The Caprini score might need to be modified for our study population due to its poor predictive performance. All patients in this study scored ≥ 5 on the Caprini scale, and were defined as having high risk of DVT, which means that all the patients should receive pharmacological thromboprophylaxis. Well-developed guidelines are available in the West, while routine pharmacological thromboprophylaxis in Asia is more controversial.53 Compared to the Western population, the Asian population has a significant lower incidence of VTE, even among subjects who live in the same region,54 and physical prophylaxis can be an effective and safe method for VTE prevention, which is preferred by Asian physicians in clinical practice.3,55 Accordingly, physical prophylaxis rather than chemoprophylaxis was adopted in our center, and the incidence of DVT was 18.6%, although most thrombus cases presented in the calf veins. However, a published study suggested that the rate of distal DVT spreading to the popliteal vein or higher veins was 17.0%, with up to 5.8% leading to PE if no intervention was performed.6 What’s more, anticoagulation rather than surveillance was recommended for high-risk patients with distal DVT.25,56 In our study, all the DVT patients had more than one high risk factor (active cancer, inpatient status, etc.) that supported anticoagulation. In conclusion, there are currently no suitable tools to evaluate the risk of DVT after LH to guide individualized treatment in HCC patients. Here, we developed the TRN, which exhibited good performance in predicting the risk of DVT after LH in HCC patients. Furthermore, the decision curve showed that TRN had a better clinical application value than the Caprini score in the study population. Hence, by allowing an accurate evaluation of DVT risk, the TRN might be helpful in guiding the individual treatment with pharmacological thromboprophylaxis in clinical practice.
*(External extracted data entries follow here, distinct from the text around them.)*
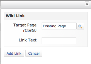 New button for creating wiki links to new or existing pages using a dialog (icon suggestions welcome). Maybe the new button should be in first position.
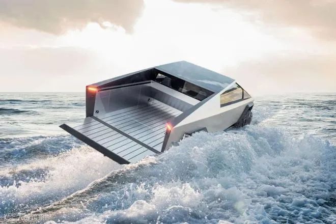 另外一个让特斯拉迷们高兴的事儿是:马斯克宣布 Cybertruck 电动皮卡能实现高度涉水,最终实现自行漂浮。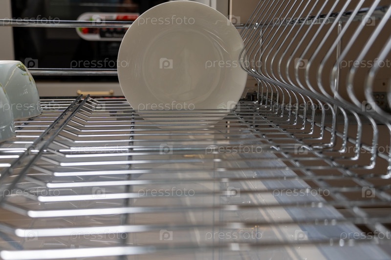 Чистая и организованная кухонная обстановка с хромированной сушилкой для посуды с тарелками и чашками. Идеально подходит для демонстрации эстетики и функциональности современной кухни
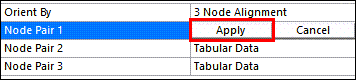 Only available for a unv File 2 model. Orient the unv model according to the RB transformation defined by 3 node matches between the rst and unv models. Each Node Pair is defined through a Tabular Data property that is displayed when the property is clicked.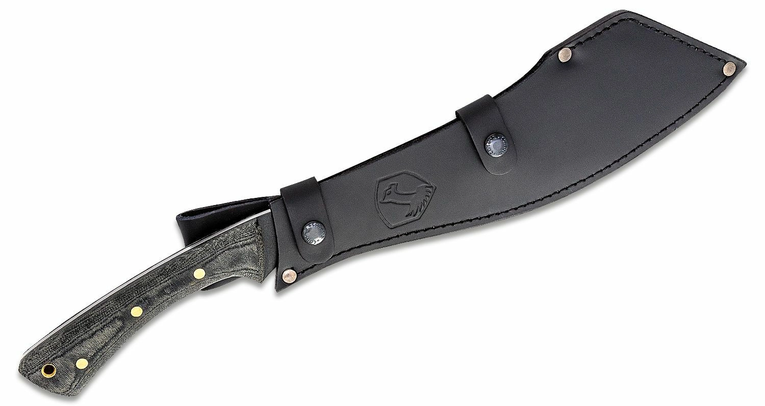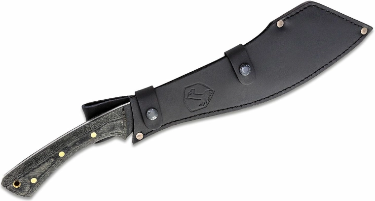 The blade made of 1075 high carbon steel with a black epoxy powder-coated finish resists corrosion and abrasion well and is easy to re-sharpen. The ergonomic Micarta handle with a fine texture provides a secure grip even with gloves or in wet conditions. A quality leather sheath is included for safe carry.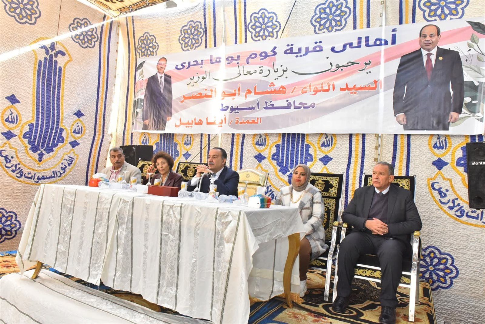 وفي هذا الإطار، عقد محافظ أسيوط لقاءًا جماهيريًا موسعًا مع أهالي قرية كوم بوها بحري بمركز ديروط، استكمالًا للقاء سابق بديوان عام المحافظة، لبحث سبل تنمية الثروة الداجنة وتطوير الأنشطة الزراعية التكاملية، ضمن خطة المحافظة لإنشاء تكتلات اقتصادية تسهم في تحسين مستوى المعيشة ودعم الاقتصاد المحلي.
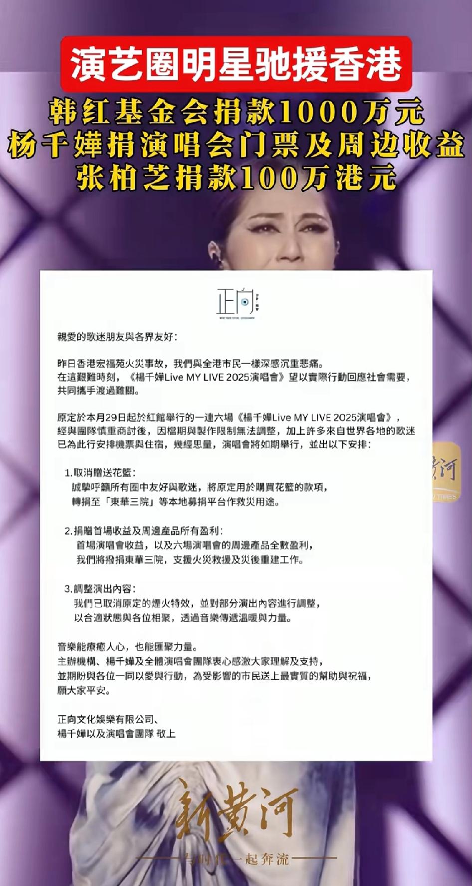两岸三地明星捐款启动: 韩红基金会捐款1000万; 周深通过上海复星公益基金会捐款100万元用于灾后救援; 杨千嬅捐赠第一场演唱会的收入并且捐赠演唱会周边商品收益; 张柏芝通过香港保良局捐赠100万港元; 韩国SM娱乐公司捐赠100万港元; 目前来看,明星启动似乎有点慢啊!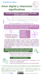 Identificador de la píldora Nombre de la píldora: Amor digital y relaciones significativas Dimensión de la ciudadanía digital: Estar y convivir en línea/Resiliencia en línea. Ámbitos: Relaciones digitales/Emociones y corporalidad digitales. Capacidades digitales:RD1. Mantener relaciones muy significativas con otras personas en línea. ECD1. Mantener conversaciones, enviar reacciones o compartir información espacios virtuales en los que participo de manera empática y respetuosa hacia mí y hacia los demás. Público al que va dirigido: Estudiantes y docentes. Tipo de recurso: Infografía Tiempo estimado: 3- 5 minutos Esta píldora puede ser utilizada sin fines de lucro, citando la fuente, respetando los términos de la licencia Creative Commons, con atribución no comercial y sin derivadas. El diseño psicotecnopedagógico del guion que sirvió de base puede descargarse. |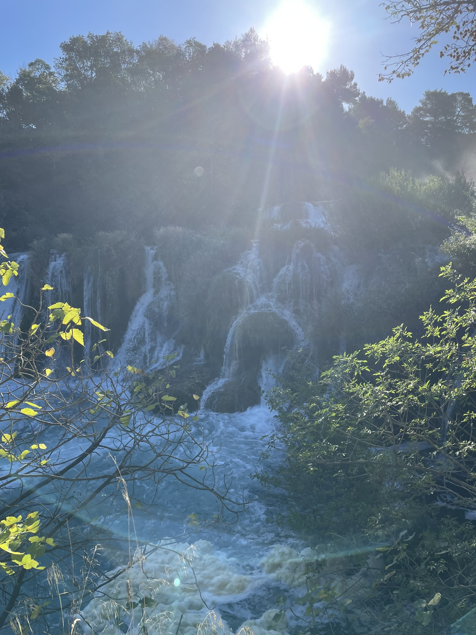 První zastávkou na dlouhé cestě byl Národní park Krka. Studenti po plavbě lodí mohli obdivovat krásné vodní scenérie a vodopády, vše dokreslilo právě vycházející slunce. Po zpáteční plavbě lodí a další hodince v autobuse následovala část hektická – ubytování.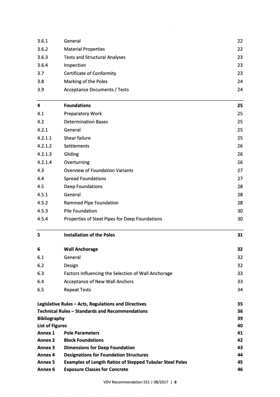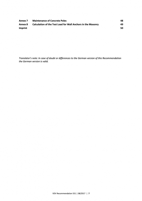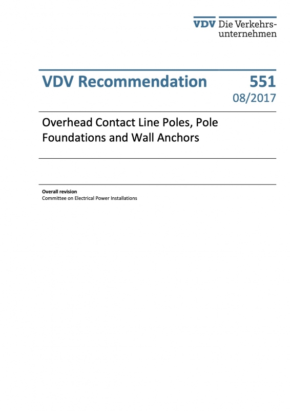 VDV Recommendation 551 specifies overhead contact line poles and wall anchors for urban DC rail systems operated pursuant to the German Federal Regulations on the Construction and Operation of Tramways (BOStrab), the German Federal Regulations on the Construction and Operation of Railways (EBO) and the German Federal Regulations on the Construction and Operation of Narrow-Gauge Railways (ESBO), i.e. for tramway and light rail systems as well as trolleybus systems. Moreover, it comprises an overview of the pole foundation variants. It is the objective of this Recommendation to provide the employees responsible for overhead contact lines (OCLs) in public transport companies, engineering firms, the supply industry and building enterprises with advice on the design, dimensioning and selection of poles and their foundations. The Recommendation goes into detail with the actions, load cases and load combinations that the poles have to withstand and that have to be specified by the operators of OCLs. Moreover, it gives an overview of the foundation variants inclusive of their advantages and disadvantages as well as of the requirements for wall anchors, which are an interesting alternative to the classic pole foundation. The 08/2017 edition of VDV Recommendation 551 is the result of a revision of the 12/2014 edition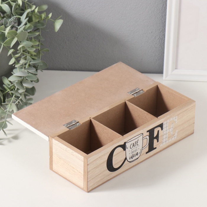 Шкатулка для украшений 3 деления «Кофе из Испании», дерево, 8.5×23.7×7 см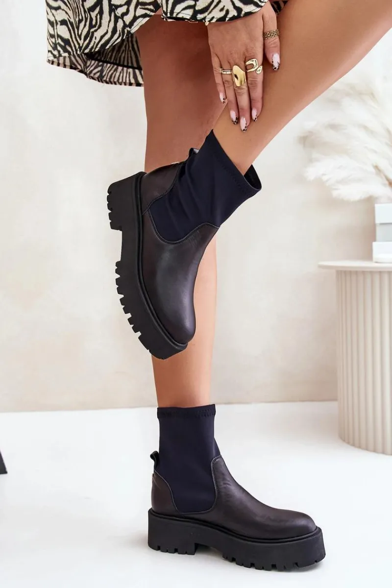 Damskie botki z cholewką za kostkę, wykonane z wysokiej jakości skóry naturalnej. Osadzone na platformie i płaskim obcasie, zapewniają wygodę podczas codziennego noszenia. Wsuwany model z zaokrąglonymi noskami łączy w sobie elegancję i komfort, doskonały na różne okazje i stylizacje. Przy wyborze rozmiaru prosimy sugerować się tabelą rozmiarów.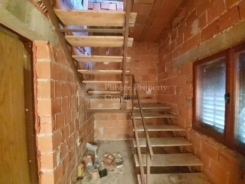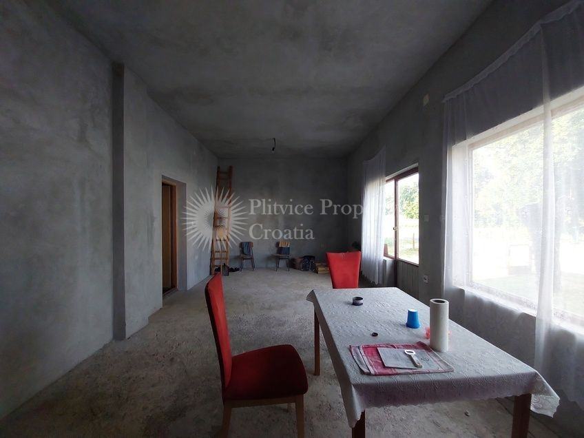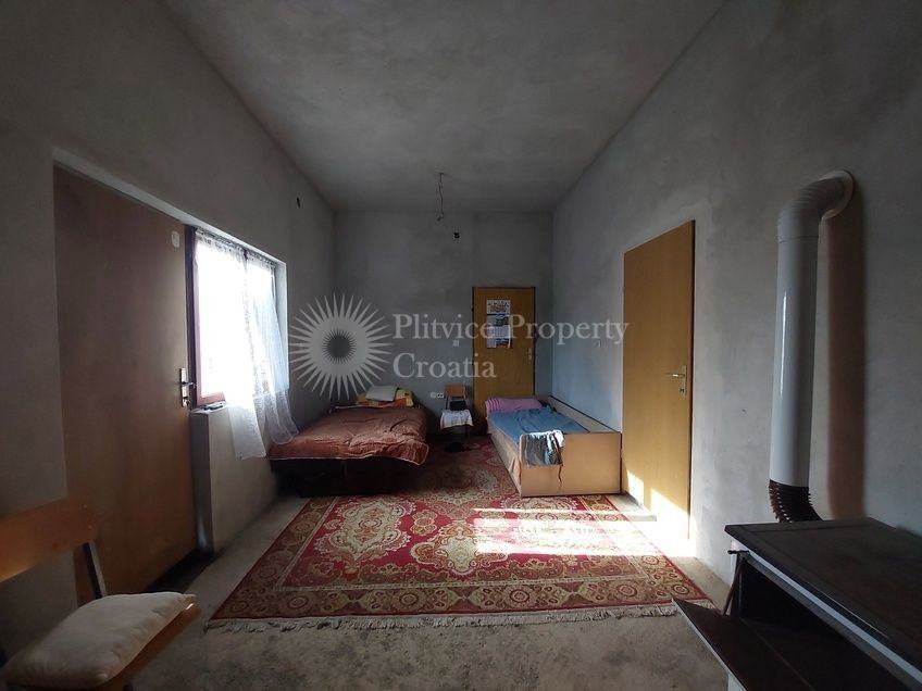 Ova nekretnina nudi uzbudljivu priliku za renoviranje s prostranim rasporedom i raznolikim mogućnostima dizajna. Kuća ima dva ulaza, što je čini prilagodljivom za različite konfiguracije i idealnom za one koji žele stvoriti personalizirani životni prostor.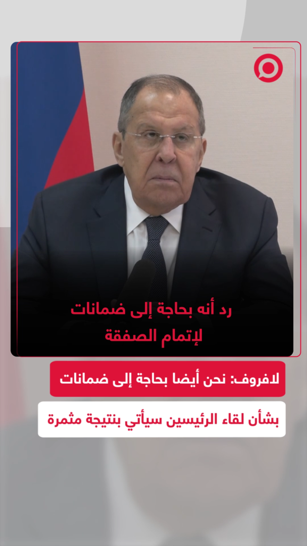 "نحن أيضا بحاجة إلى ضمانات بشأن أن لقاء الرئيسين سيأتي بنتيجة مثمرة".. وزير الخارجية الروسي سيرغي لافروف، يؤكد أن بلاده تنتظر تأكيدا من الولايات المتحدة بشأن المقترحات التي قدمها الممثل الخاص للرئيس الأمريكي ستيف ويتكوف خلال المحادثات في الأسكا.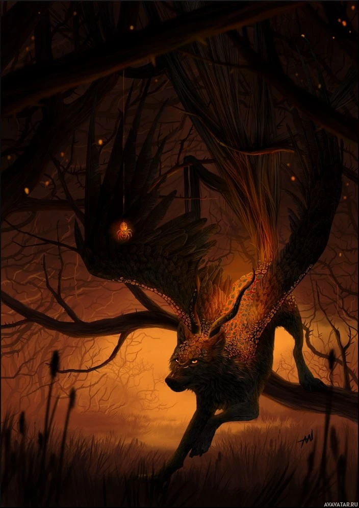 fiery texture on its body, reinforcing the mystical theme of the image.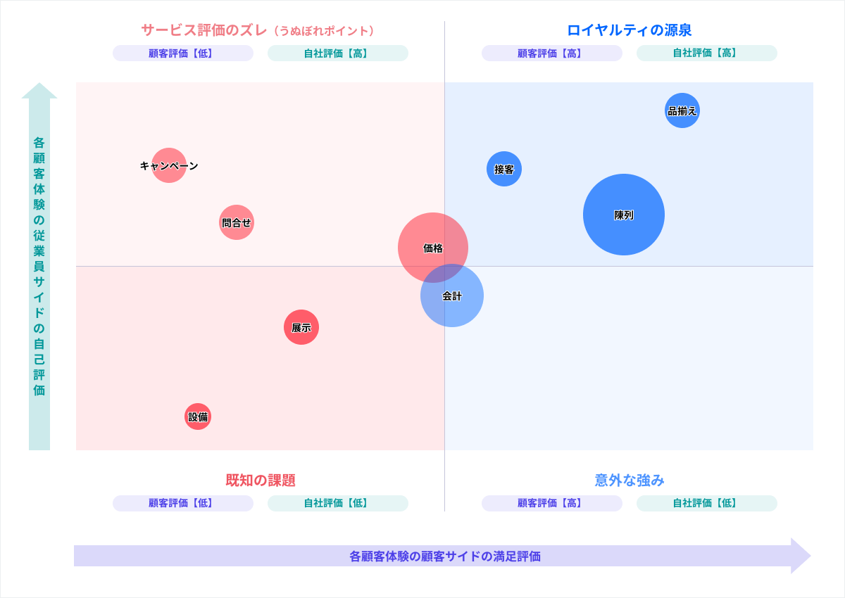 - 逆に、従業員による自己評価が顧客評価よりも過大である店舗では、自組織の弱みであるはずの体験を過大評価する傾向にあった。特に「顧客ロイヤルティに影響が大きい体験」は顧客評価とのズレを埋める必要があるが、これらの店舗は影響の大きい体験も過大評価しやすい傾向が明らかになった。(バブルサイズは顧客ロイヤルティへの影響の大きさを表す(※6))その結果、NPSが低水準となっている可能性が示唆された。
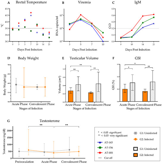 Noninvasive evaluation of experimental ZIKA infection in male S. collinsi. (A) Measurement of rectal temperature, showing feverish period of infected group between 3 to 10 dpi. The dashed line represents the temperature cut-off based in control group data. The (B) RNA viral load in blood by RT-qPCR and (C) IgM antibody profile of the infected group detected from 14 dpi. The dashed line represents the cut-off of ELISA assay. Group evaluation, mean and min-max values: (D) body weight, (E) testicular volume, (F) gonadosomatic index, and (G) testosterone by stages of infection, highlighting the decrease of testicular volume, GSI and testosterone values during acute phase of infection in G1.

Finally, there are also a number of limitations to this study. Firstly, this is a retrospective study containing a small sample of 355 HCC patients from a single center, and the predictive performance of TRN needs to be further validated in other centers. Additionally, there was no clear evidence which patients would benefit from the lower extremity color Doppler flow imaging examination, and not all the patients routinely received lower extremity color Doppler flow imaging examination after surgery (Figure 1). As a result, we might have missed some asymptomatic DVT patients. Additionally, no DVT screening was performed before surgery, which might have affected the accuracy of postoperative DVT incidence. In addition, although the lower extremity color Doppler flow imaging examination is recommended as the preferred method for clinically suspected DVT, its accuracy is reduced in the diagnosis of intramuscular venous thrombosis.57 Finally, the effects of physical thromboprophylaxis, including intermittent pneumatic compression and early mobilization performed in all patients after surgery, were not explored in the present study.

Conclusions

The TRN consisting of five independent risk factors could accurately predict the risk of DVT following LH in HCC patients, and thus can help guide individualized pharmacological thromboprophylaxis during the perioperative period of LH.